While Igor is a prisoner, there is a struggle for power back in his city of Putivl between his wife Yaroslavna and her brother Prince Vladimir Galitsky. Yaroslavna comes out mostly on top, and when Igor returns, he has fallen enough and she has risen enough that “Yaroslavna and Igor have become equals” (709). But unlike certain mezzo-soprano roles in other operas, Yaroslavna does not become masculine as she becomes powerful: “she exhibits traditional femininity in both her behavior and the voicing of her role,” and she “proves effective as a leader and thereby shows that a woman can succeed as a woman, that femininity is an asset and not a liability” (704). Women appeal to Yaroslavna to intercede on their behalf and save a woman abducted by Galitsky, making Yaroslavna into a mother-of-God–like figure (705).

Alston describes a dispute in the Borodin literature about whether and how Prince Igor Orientalizes its Polovtsian characters. Richard Taruskin argued in 1997 that “the music of the opera conveys messages of Russian racial superiority and glorifies Imperialism” (692). But Marina Frolova-Walker (in a 2007 book I just started that’s amazing so far) shows that not just the Polovtsian characters, but the Russian ones too exhibit “the musical features that Taruskin sees as Orientializing,” specifically “tied or syncopated melodic undulations, and the reversible chromatic pass between the fifth and the sixth degrees of the scale” (692, 692n2). (Frolova-Walker, by the way, has a lot of good stuff on her website.)

This article was perfect for my interests, because I have a pet theory about feminism and Orientalism in Prince Igor. The two most striking scenes in the opera show abducted women being abused for the pleasure of their male captors. In the Polovtsian camp, Khan Konchak offers his prisoner Igor his choice of the women Konchak has captured and enslaved, who are forced to sing and dance. Though they sing about their longing for their homeland, the song itself is beautiful, and their distress can only be imagined, not seen or heard. In Putivl, Prince Galitsky’s men abduct one woman, and her distress is evident (this is emphasized in the 2013 production, but it’s built into the libretto and music). The women of Putivl appeal to Galitsky, then Yaroslavna to save the woman, and their repeated pleading makes it clear that the abduction violated the norms of their community. That is, the contrast between these scenes is a kind of Orientalizing of the Polovtsians. Men abducting women because they can and want to seems normal, inevitable, and permanent in the world of the Polovtsians, but abnormal, immoral, and reversible (by a powerful woman) in twelfth-century Rus. Men are trash in both cultures, but it’s only the civilized men of Rus that it’s worth being disappointed in, not their exotic neighbors.

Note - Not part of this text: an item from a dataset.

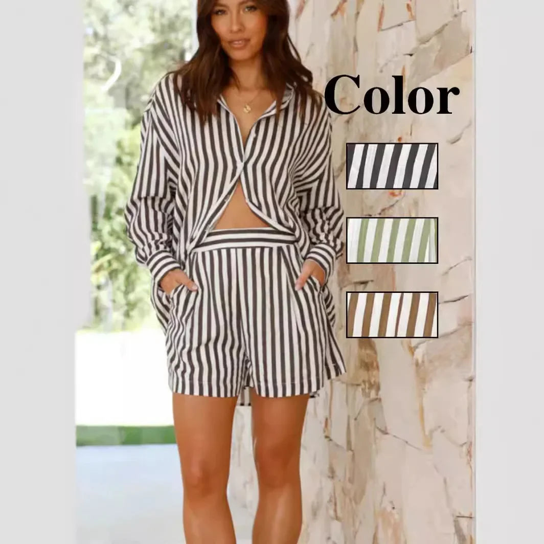 The perfect look for your summer days! ☀️ Our striped two-piece set in navy, black, aqua, or brown and white is ideal for a casual yet chic style. Pair it with your favorite top and sandals for a cool and comfortable outfit.

All page references are to Ray Alston, “‘Muzhaisia, kniaginia’: Alexander Borodin’s Prince Igor and the ‘Woman Question,’” Slavic and East European Journal 64.4 (2020): 692–713 (no link). If you don’t have access to SEEJ, you might check out pp. 117–37 of his dissertation (different but related).

2 Comments leave one →
  1. March 8, 2021 4:16 pm

    I watched this (in the Met’s weird version that they broadcast) and was pretty impressed with the Yaroslavna plotline. Looking Borordin up after that, I wasn’t surprised to find he had feminist leadings. As for the Orientalism, I can’t speak to that because the Polovtsian dances etc were a dream sequence in the version I watched. Would like to watch a more traditional version and figure out what was going on.

    • March 8, 2021 10:01 pm

      I might have to rent the Met version to see how everything fits together when the dances are a dream sequence! If you ever do watch another version, I’d love to hear your thoughts about how they compare, Maya.